* [Exercise aim]: In the records below, repeat word for word only the lines starting at the one that contains "Bleu et ornement" and ending at the one that contains "为着力培养担当民族复兴大任的", pictures excluded.

* [Extracted information]:
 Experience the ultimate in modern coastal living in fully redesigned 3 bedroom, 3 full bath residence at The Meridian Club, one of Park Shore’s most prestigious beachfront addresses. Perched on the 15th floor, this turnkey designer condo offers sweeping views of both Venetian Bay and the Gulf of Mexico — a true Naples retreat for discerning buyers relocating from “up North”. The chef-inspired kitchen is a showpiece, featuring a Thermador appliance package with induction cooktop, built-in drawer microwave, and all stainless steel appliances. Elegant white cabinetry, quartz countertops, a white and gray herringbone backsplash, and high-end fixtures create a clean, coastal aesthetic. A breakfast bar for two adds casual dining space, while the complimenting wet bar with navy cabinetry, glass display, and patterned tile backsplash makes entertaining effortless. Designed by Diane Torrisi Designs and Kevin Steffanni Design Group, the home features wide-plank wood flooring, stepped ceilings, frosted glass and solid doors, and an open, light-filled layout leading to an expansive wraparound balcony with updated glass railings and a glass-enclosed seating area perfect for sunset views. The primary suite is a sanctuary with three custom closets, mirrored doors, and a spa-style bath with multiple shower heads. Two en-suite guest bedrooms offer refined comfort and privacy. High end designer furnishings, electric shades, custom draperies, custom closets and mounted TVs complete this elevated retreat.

* * *

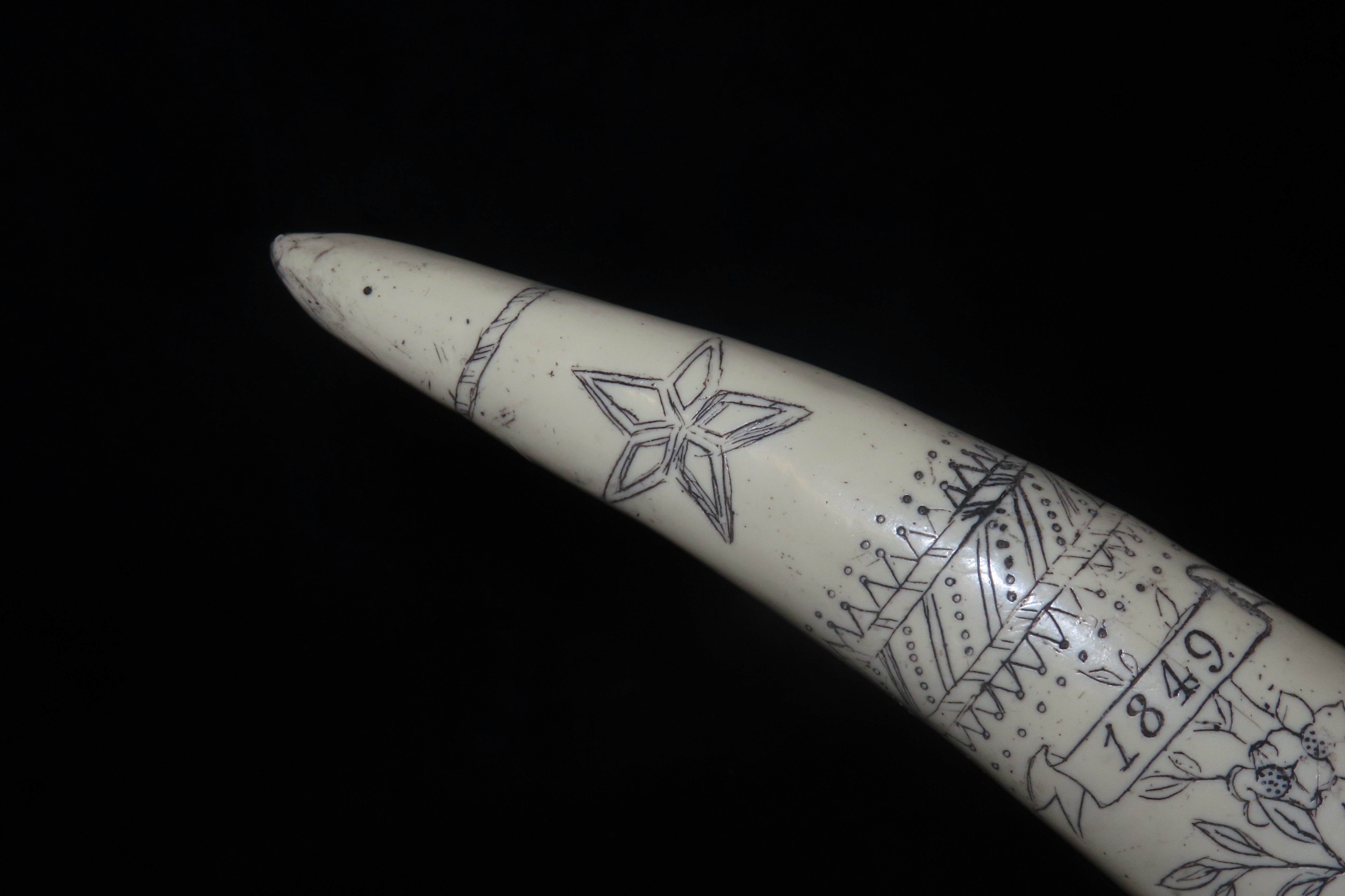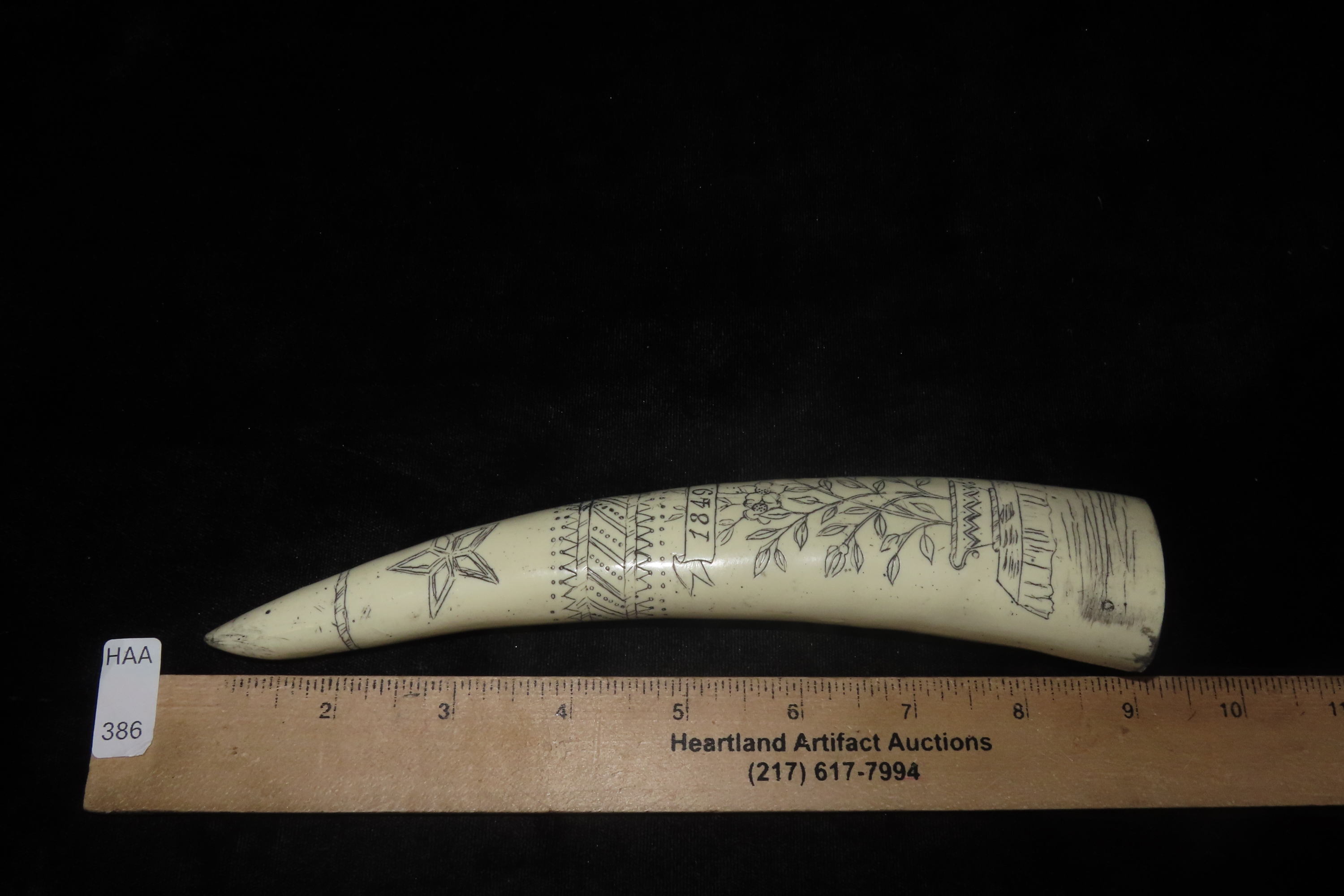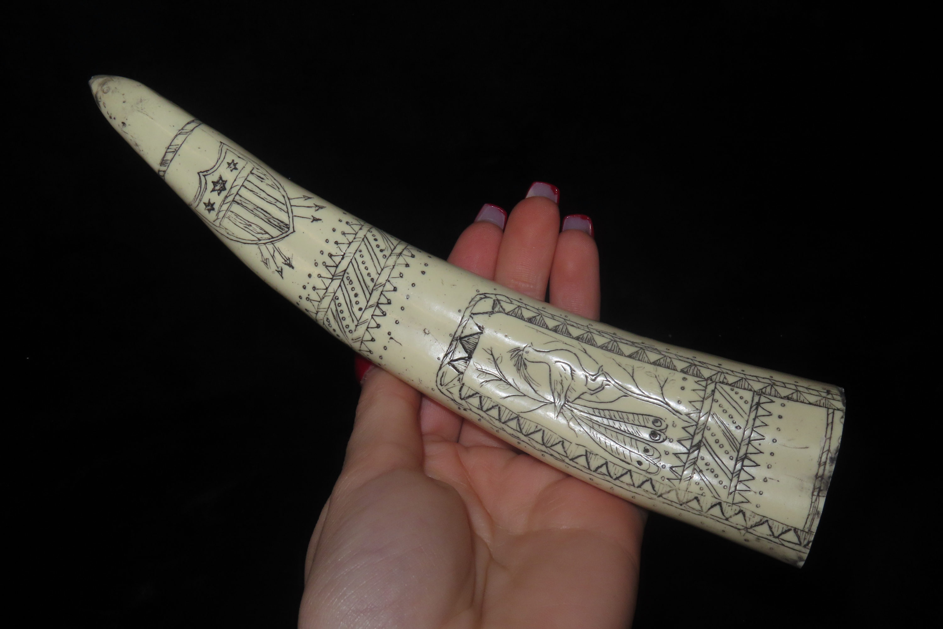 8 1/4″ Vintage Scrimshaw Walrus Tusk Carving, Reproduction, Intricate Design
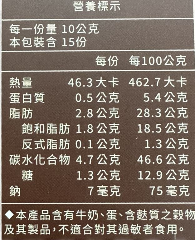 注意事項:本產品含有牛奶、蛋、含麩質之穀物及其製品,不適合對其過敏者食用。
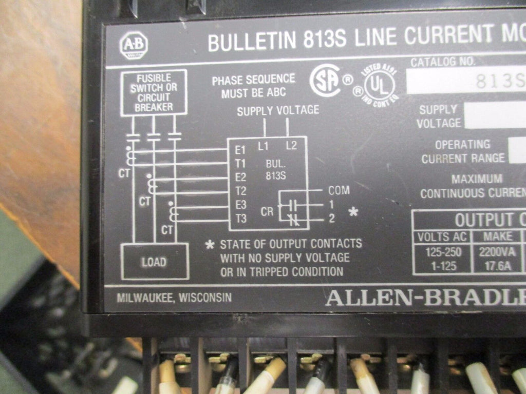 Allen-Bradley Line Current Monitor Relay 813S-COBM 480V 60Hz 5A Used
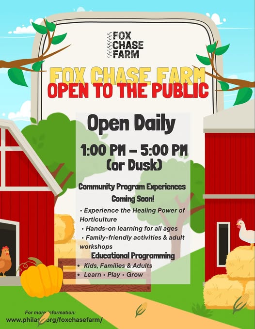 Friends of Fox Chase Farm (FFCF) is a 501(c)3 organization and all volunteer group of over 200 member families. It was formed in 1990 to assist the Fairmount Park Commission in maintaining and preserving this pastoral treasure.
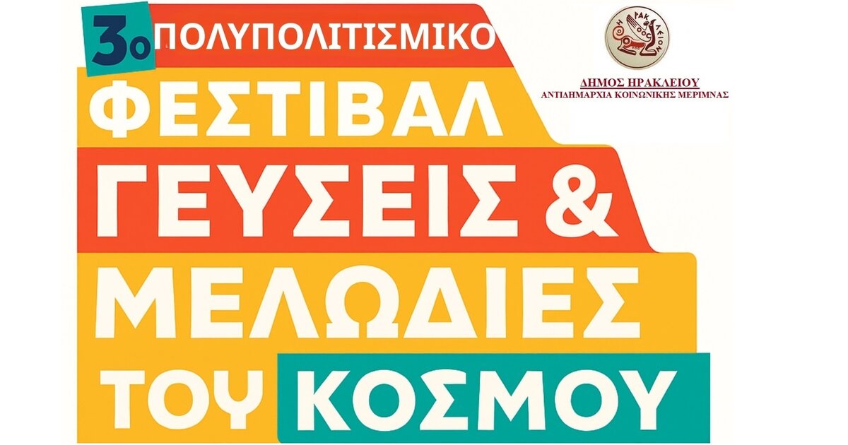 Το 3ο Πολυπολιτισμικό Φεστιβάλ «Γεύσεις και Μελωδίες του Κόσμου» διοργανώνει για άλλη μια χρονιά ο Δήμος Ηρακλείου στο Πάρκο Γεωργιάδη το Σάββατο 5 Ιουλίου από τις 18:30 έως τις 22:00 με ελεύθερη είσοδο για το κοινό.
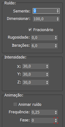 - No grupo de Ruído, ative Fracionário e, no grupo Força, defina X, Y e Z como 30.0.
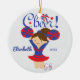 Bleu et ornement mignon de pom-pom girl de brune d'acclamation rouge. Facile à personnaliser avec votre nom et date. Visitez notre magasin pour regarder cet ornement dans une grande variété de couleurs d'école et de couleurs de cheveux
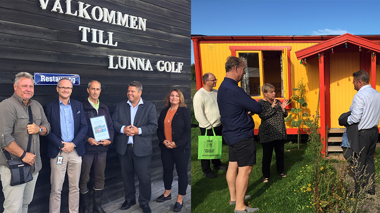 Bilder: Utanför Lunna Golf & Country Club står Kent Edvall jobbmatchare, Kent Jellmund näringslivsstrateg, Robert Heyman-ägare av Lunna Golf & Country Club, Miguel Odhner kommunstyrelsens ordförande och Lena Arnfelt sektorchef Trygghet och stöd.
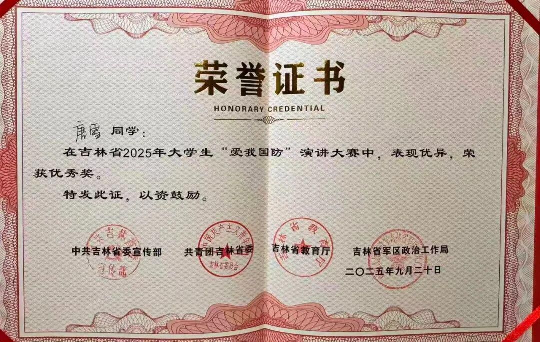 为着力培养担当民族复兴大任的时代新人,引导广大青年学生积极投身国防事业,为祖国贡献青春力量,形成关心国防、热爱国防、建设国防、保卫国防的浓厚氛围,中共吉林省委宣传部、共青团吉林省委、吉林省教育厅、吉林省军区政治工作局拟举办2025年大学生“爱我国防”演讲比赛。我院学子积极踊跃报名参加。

* [Result]:
 Bleu et ornement mignon de pom-pom girl de brune d'acclamation rouge. Facile à personnaliser avec votre nom et date. Visitez notre magasin pour regarder cet ornement dans une grande variété de couleurs d'école et de couleurs de cheveux
 Bilder: Utanför Lunna Golf & Country Club står Kent Edvall jobbmatchare, Kent Jellmund näringslivsstrateg, Robert Heyman-ägare av Lunna Golf & Country Club, Miguel Odhner kommunstyrelsens ordförande och Lena Arnfelt sektorchef Trygghet och stöd.
 为着力培养担当民族复兴大任的时代新人,引导广大青年学生积极投身国防事业,为祖国贡献青春力量,形成关心国防、热爱国防、建设国防、保卫国防的浓厚氛围,中共吉林省委宣传部、共青团吉林省委、吉林省教育厅、吉林省军区政治工作局拟举办2025年大学生“爱我国防”演讲比赛。我院学子积极踊跃报名参加。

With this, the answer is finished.